TASK ITEM. For this exercise, reproduce the entries below exactly, but only from the line containing "冬季保暖衬衫男蓝色条纹商务休闲长袖衬衣男加绒加厚爸爸装打底衫" through the line containing "近日,沙利文頭豹研究院發(f", both included.

DATASET CONTENT.

====================

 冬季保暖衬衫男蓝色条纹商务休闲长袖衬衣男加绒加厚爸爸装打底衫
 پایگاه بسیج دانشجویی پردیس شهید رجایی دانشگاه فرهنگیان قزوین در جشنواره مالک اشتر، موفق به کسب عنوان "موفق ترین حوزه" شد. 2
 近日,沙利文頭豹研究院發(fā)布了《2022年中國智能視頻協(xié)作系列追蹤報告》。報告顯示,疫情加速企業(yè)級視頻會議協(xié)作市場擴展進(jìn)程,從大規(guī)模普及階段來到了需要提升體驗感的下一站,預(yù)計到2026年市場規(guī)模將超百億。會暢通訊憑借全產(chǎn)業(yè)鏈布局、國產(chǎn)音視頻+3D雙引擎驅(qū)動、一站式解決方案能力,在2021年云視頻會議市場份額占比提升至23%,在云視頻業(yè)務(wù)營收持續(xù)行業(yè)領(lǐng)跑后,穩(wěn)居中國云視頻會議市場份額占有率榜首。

====================

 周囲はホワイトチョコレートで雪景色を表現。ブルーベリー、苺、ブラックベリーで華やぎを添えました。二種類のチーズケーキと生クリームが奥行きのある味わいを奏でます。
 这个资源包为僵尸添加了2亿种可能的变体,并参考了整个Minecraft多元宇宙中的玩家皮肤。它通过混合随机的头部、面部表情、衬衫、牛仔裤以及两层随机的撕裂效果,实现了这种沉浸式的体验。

====================

ANSWER.
 冬季保暖衬衫男蓝色条纹商务休闲长袖衬衣男加绒加厚爸爸装打底衫
 پایگاه بسیج دانشجویی پردیس شهید رجایی دانشگاه فرهنگیان قزوین در جشنواره مالک اشتر، موفق به کسب عنوان "موفق ترین حوزه" شد. 2
 近日,沙利文頭豹研究院發(fā)布了《2022年中國智能視頻協(xié)作系列追蹤報告》。報告顯示,疫情加速企業(yè)級視頻會議協(xié)作市場擴展進(jìn)程,從大規(guī)模普及階段來到了需要提升體驗感的下一站,預(yù)計到2026年市場規(guī)模將超百億。會暢通訊憑借全產(chǎn)業(yè)鏈布局、國產(chǎn)音視頻+3D雙引擎驅(qū)動、一站式解決方案能力,在2021年云視頻會議市場份額占比提升至23%,在云視頻業(yè)務(wù)營收持續(xù)行業(yè)領(lǐng)跑后,穩(wěn)居中國云視頻會議市場份額占有率榜首。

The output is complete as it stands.